The angle of incidence $i$ is the angle between the incident ray and the normal. Since the ray is travelling in $M_{1}$ $(Z \geq 0)$ towards the origin,its direction vector is $-\overrightarrow{A} = -4\sqrt{3}\hat{i} + 3\sqrt{3}\hat{j} + 5\hat{k}$.
The cosine of the angle $i$ with the normal $\hat{k}$ is given by $\cos i = \frac{|A_z|}{|\overrightarrow{A}|}$.
Magnitude $|\overrightarrow{A}| = \sqrt{(4\sqrt{3})^2 + (-3\sqrt{3})^2 + (-5)^2} = \sqrt{48 + 27 + 25} = \sqrt{100} = 10$.
$\cos i = \frac{5}{10} = \frac{1}{2} \Rightarrow i = 60^{\circ}$.
Using Snell's Law: $\mu_1 \sin i = \mu_2 \sin r$.
$\sqrt{2} \sin 60^{\circ} = \sqrt{3} \sin r$.
$\sqrt{2} \times \frac{\sqrt{3}}{2} = \sqrt{3} \sin r$.
$\sin r = \frac{\sqrt{2}}{2} = \frac{1}{\sqrt{2}} \Rightarrow r = 45^{\circ}$.
The difference between the angle of incidence and the angle of refraction is $i - r = 60^{\circ} - 45^{\circ} = 15^{\circ}$.

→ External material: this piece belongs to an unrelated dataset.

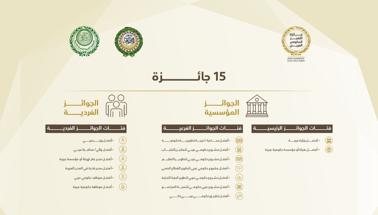 وتشارك في الدورة الثانية لجائزة التميز الحكومي العربي حكومات الدول العربية، وسيتم خلالها تكريم 15 فائزاً بفئات الجائزة المؤسسية والفردية، التي تضم أفضل وزارة عربية، وأفضل هيئة أو مؤسسة حكومية عربية، إلى جانب أفضل وزير عربي، أفضل والي/ محافظ عربي، وأفضل مدير عام عربي، وأفضل مدير بلدية في المدن العربية، وأفضل موظف وأفضل موظفة على المستوى العربي.

(B) The electric field intensity $E$ in the depletion region is given by the ratio of the potential barrier $V$ to the width of the depletion layer $d$.
$E = \frac{V}{d}$
Given:
Potential barrier $V = 0.6\,V$
Width of depletion layer $d = 6 \times 10^{-6}\,m$
Substituting the values:
$E = \frac{0.6\,V}{6 \times 10^{-6}\,m}$
$E = 0.1 \times 10^{6}\,V/m$
$E = 1 \times 10^{5}\,V/m$
Since $1\,V/m = 1\,N/C$,the electric field intensity is $1 \times 10^{5}\,N/C$.
Thus,the missing value is $1$.

(C) The angle of incidence $i$ is the angle between the incident ray and the normal. The problem states the light enters at an angle of $45^{\circ}$ with the interface. Therefore,the angle of incidence is $i = 90^{\circ} - 45^{\circ} = 45^{\circ}$.

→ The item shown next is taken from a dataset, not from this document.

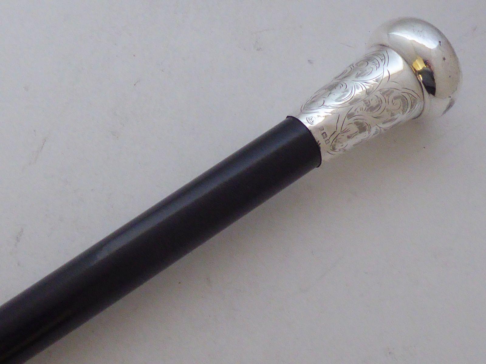 Walking Stick Cane London 1925 Hallmarked Solid Silver Pommel Ebony Wood Shaft

The angle of deviation $D$ is given as $15^{\circ}$. The relationship between the angle of incidence $i$,the angle of refraction $r$,and the angle of deviation $D$ is $D = i - r$.
Substituting the given values: $15^{\circ} = 45^{\circ} - r$,which gives $r = 45^{\circ} - 15^{\circ} = 30^{\circ}$.

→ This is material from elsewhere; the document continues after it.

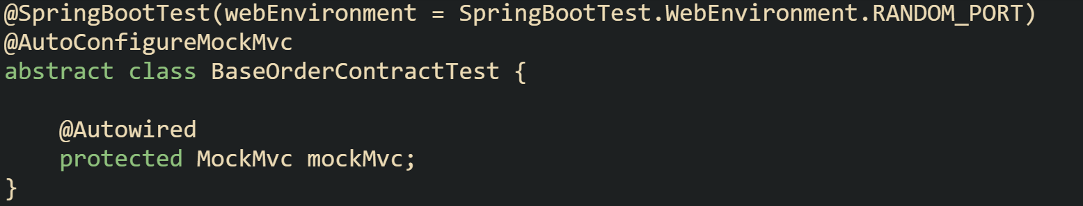 Typical provider side contract test classes in Spring Boot projects extend a base class created for Spring Cloud Contract and then gain generated test methods. One slightly simplified base class can be:

Using Snell's law,$n_1 \sin i = n_2 \sin r$,where $n_1 = 1$ (for air) and $n_2 = \mu$ (refractive index of the medium):
$1 \times \sin 45^{\circ} = \mu \times \sin 30^{\circ}$
$\frac{1}{\sqrt{2}} = \mu \times \frac{1}{2}$
$\mu = \frac{2}{\sqrt{2}} = \sqrt{2} \approx 1.414$.
Thus,the refractive index of the medium is $1.414$.